AI shows why data portability is important
Data portability is a common repeated crypto commitment. “Take your followers and society graphs throughout the internet.” “Take your video game items throughout the games and platforms.” “Log in to any site with a single, one -sized identity.” These claims are excited for builders and developers, but have never been to the mainstream.
Recent platform shifts have highlights the destruction of our digital lives. In the talks of a potential prohibition of Tiktok, the creators face the loss of years of content and audience relationships overnight. Meanwhile, while US buyers are embracing new AI models such as Deepseek, built in China, they face similar questions about where their data lives and can gain access to it.
These are the symptoms of a major problem: users do not truly own or control their data. We live on rented land.
Much of the foremost Crypto Investors Write about user’s data portability and sovereignty on the early days of the web2. The vision of an Internet – where users, not platforms, control their digital lives – is one of the driving forces behind the crypto. While crypto has succeeded in financial applications, this promise of portable data and a self-suvererign Internet remains unfinished.
We have seen many attempts: NFTs that allow you to bring items to games, decentralized social networks such as Farcaster and Bluesky promising portable social graphs, and proven identity standards . Nothing (yet) has seen a wide adoption.
The truth? While early Internet thoughts care deeply about the principles of data sovereignty, most users have a simpler question: what can I do here?
Without the AI, most of the data is relevant only inside the platform garden walls. In AI, it becomes an appreciated digital commodity and a tool to empower almost every application. The history of your message helps AI to understand your writing style, your preferences, and your relationships. In many users who store their data on self-suvereign wallets, developers can build AI experiences that are truly personalized. AI finally provides “why” data portability, in the form of a better product experience than ideology alone.
There is still a Cold problem with starting. Inconvenient for users to connect their data. And for those who develop, the mindset now is: If you convince users to upload their data to your platform, why would you make it easy for them to take it elsewhere? It creates a cycle where each new platform becomes another wall garden, recreating the very problem they set to solve.
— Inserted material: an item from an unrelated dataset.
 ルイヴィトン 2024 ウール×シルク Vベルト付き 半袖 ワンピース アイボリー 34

This is where new incentive structures can finally break the extractive cycle. Datadaos created an immediate opportunity for users to suck their data through financial incentives, solving a cold start-start problem, as long as the data rode in a self-suvereign, interoperable way, As in the vana. While more users bring their data to these interoperable systems, developers may develop applications that are not possible before.
Think of a personal health coach that can study your sleep data from Oura, your exercise from Strava, your nutrition from food delivery apps, and your stress levels from communication patterns.
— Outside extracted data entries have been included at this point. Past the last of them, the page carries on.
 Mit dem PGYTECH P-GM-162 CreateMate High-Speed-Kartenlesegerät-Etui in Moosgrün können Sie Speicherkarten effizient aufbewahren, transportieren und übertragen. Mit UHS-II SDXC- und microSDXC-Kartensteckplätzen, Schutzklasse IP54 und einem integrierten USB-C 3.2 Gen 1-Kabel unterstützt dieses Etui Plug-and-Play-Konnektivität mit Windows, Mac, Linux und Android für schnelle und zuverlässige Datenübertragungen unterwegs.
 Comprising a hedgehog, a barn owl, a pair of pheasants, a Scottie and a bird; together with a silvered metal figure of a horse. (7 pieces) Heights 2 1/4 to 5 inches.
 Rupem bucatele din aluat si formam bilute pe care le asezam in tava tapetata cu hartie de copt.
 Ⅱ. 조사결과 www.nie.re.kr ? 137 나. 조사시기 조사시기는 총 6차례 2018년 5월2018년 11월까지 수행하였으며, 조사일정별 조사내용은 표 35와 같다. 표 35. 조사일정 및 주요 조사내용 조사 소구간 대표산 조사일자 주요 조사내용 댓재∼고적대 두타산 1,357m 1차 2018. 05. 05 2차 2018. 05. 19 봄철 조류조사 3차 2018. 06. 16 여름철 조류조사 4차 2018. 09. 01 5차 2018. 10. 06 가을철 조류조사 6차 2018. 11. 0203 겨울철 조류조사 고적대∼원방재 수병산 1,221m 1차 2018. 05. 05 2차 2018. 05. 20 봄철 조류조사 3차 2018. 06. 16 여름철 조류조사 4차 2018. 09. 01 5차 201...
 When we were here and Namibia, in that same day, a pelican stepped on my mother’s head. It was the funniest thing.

Or, an AI assistant who truly understands you because it can access your complete digital history while maintaining your privacy through grain permission.
This solves a critical problem that has occurred previous attempts at data portability. Users cannot export their data without clear benefits, and developers will not build for portable data without users. Daos data will break this deadlock by making it immediately benefiting for users to connect data.
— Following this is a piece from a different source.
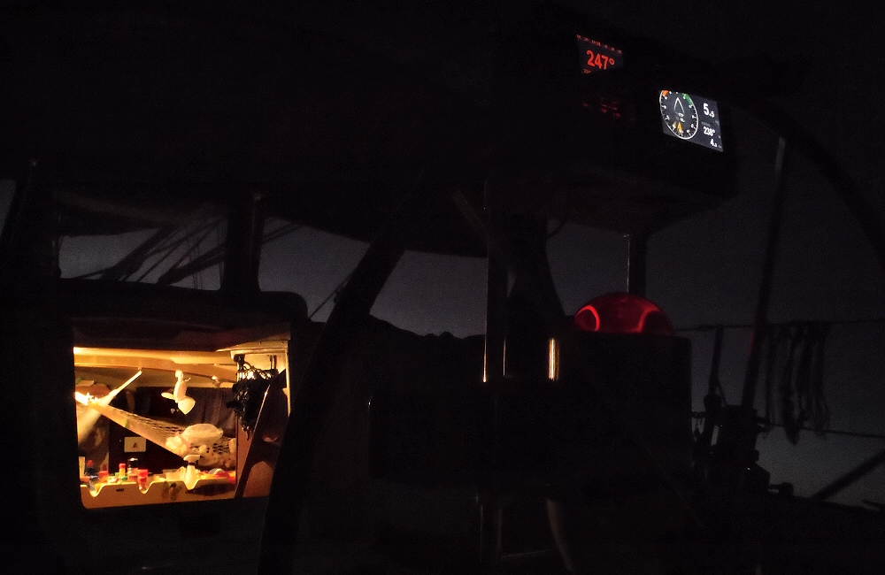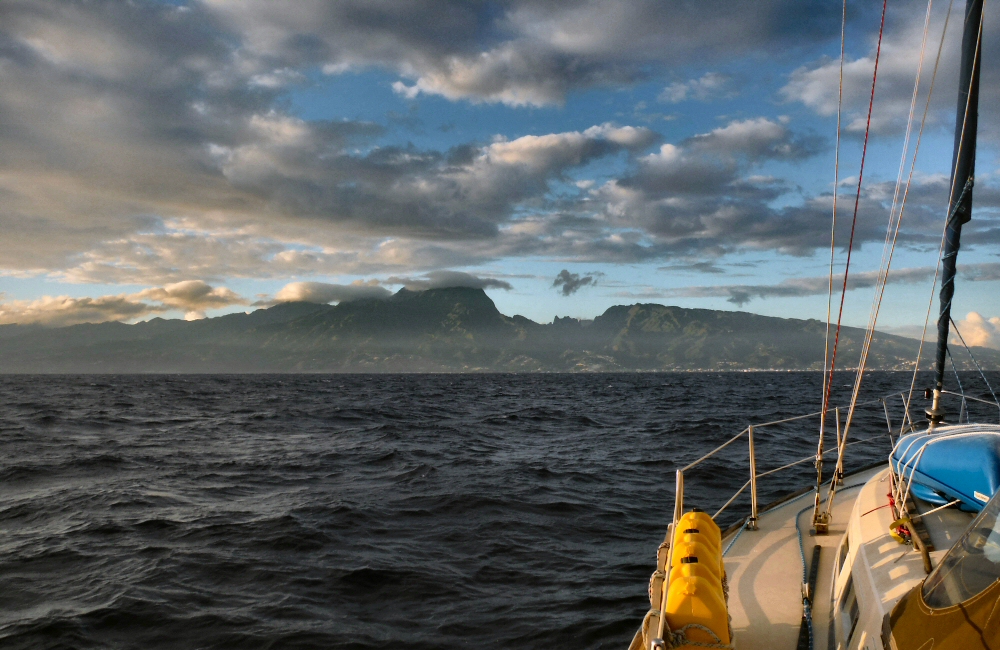 Evening was spent on “Max” – a French couple’s 54-foot Amele, eating more of the fish, drinking wine, and trying to keep up with the fast French conversation. They’d arrived in the afternoon while we were ashore. A big boat – plenty of freezers on board – which meant a wonderful freshly baked tarte-au-poivres for dessert! Hervé and Caroline are from Brittany, with a great sense of humour, I tried to give as good as I got as a Brit on the receiving end of the jokes. Lionel is a lean, blonde, curly haired sea vagabond, seeming much younger than his 53 years with a hip-hop baseball cap, board shorts and tired tee shirt. Very animated, enthusiastic and much as I imagine his precursors Bernard Moitessier and Jean Gau to have been like back in the sixties. Hervé – a robust, ruddy, short haired Bréton with an infectious “joie de vivre” and a mischievous look in his eye. His wife Caroline – smiling and open, and of course impeccably presented and stylishly dressed in the way of French women the world over. The two of them were clearly very comfortable on board together, seeming much more of an even team of two than many other couples I’ve met at sea. I like the French. They make me chuckle – almost every Frenchman fits the stereotype in some way.

More importantly, once users make their data themselves, completely new types of applications are possible. AI agents can access your complete digital history to provide real personal experiences. Developers can develop applications that combine data in ways that are not possible when it is siled on platforms.
We know that there are many demands for AI training data – many main model providers has prepared to hit a wall of data Soon, they make their search for unavailable public databases to train newer, higher performance models. New models such as Deepseek The value of high quality data has been shown, with carefully curated examples of human generated to bootstrap their novel training method. At the same time, user data policies such as GDPR and CCPA Legally requires platforms to allow users to export their data to an available, standard format. Networks such as vana allow users to make their data money through together -co -conscience with trainer models that require valuable training data that is no longer available on public internet, and make it interoperable for in real sovereignty of data.
Two Convert forces – the proliferation of AI, and new financial incentives – create the potential for both users and developers to benefit from data portability. The interests of users, developers, and data networks are finally aligned. Users get immediate amounts along with better AI experiences, developers get access to rich user data to generate new applications, and networks are growing on each new participant.
For the first time, we have the same technology to make the data portability and the incentives important to drive adoption.
Crypto has yet to deliver the original promise of a self-suverige, interoperable internet where users own their data, which is not yet completed by Web2’s Walled Gardens. By creating financial incentives to bring data to the surface and seizure AI’s capabilities, we finally have a window of opportunity to make the Internet truly user-owned.